I’d like to feature an email I received from a lady who was having issues with trailer loading her horse, as you may resonate with some of the angst she was experiencing.

I have changed both her name and the name of her horse for privacy reasons.

I’d love to hear what you think so please let me know in the comments below. Thanks!

Dawn’s email (excerpted)

A) Java does not consistently load on my trailer. It’s unpredictable as to whether he will cooperate or not.

B) The problem is a mystery to me. We definitely have a solid bond, and a basically good relationship. I’m thinking maybe it’s my confidence in myself and my abilities wavering?

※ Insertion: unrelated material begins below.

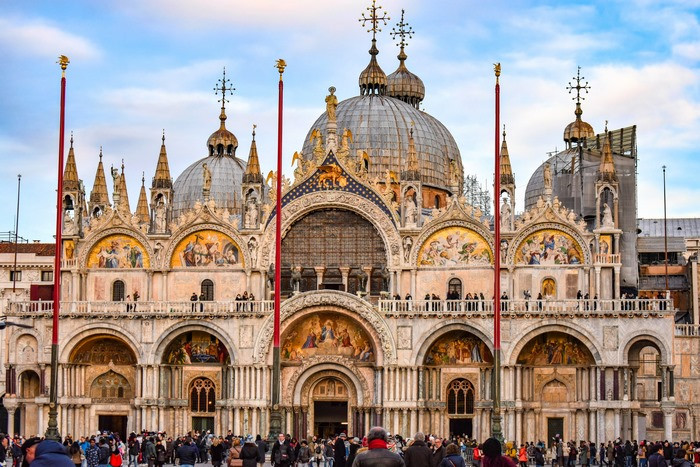 - Vương cung thánh đường San Marco – là công trình kiến trúc đẹp mê hồn nhất Venice và vẻ đẹp của nó phản ánh đức tin và sự tận tâm của người dân Venice đối với thành phố của họ. Đây là ví dụ điển hình của kiến trúc Hy Lạp – Byzantine với ảnh hưởng mạnh mẽ của Đức và Ả Rập với sàn đá cẩm thạch sang trọng, đồ khảm vàng phát sáng và các đồ lưu niệm bằng vàng trong kho bạc.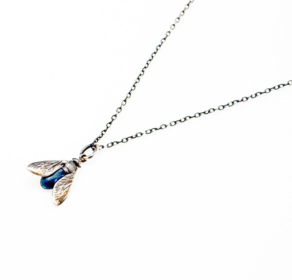 This ‘Fly’ necklace is cast from life.. It is made from oxidized silver and enamel, on an 18 inch chain.

Lastly, … it makes me feel ineffective, not enough, a failure or just stupid, and hopeless as to whether I’ll ever correct this problem!

I’ve worked with many of the best trainers in my area. Extensively! Many of them have told me that I am just going to HAVE TO HIT MY HORSE!

I refuse to do so. I would rather just give up on trailering, than to have to resort to bullying him into the trailer. I’m not using that tactic. It is not in my make-up to hit an animal. Ever. For any reason.

I’m very interested in your input, Teddie! Thank you in advance for your consideration in my dilemma!

My response

Hi Dawn

Wow! That is so sad that they all would resort to hitting the horse. They used to tell me that years ago and that’s why I dropped out of the mainstream and decided to do it my own way and do research and experiments on my own horses without any of the trauma, drama, or hitting.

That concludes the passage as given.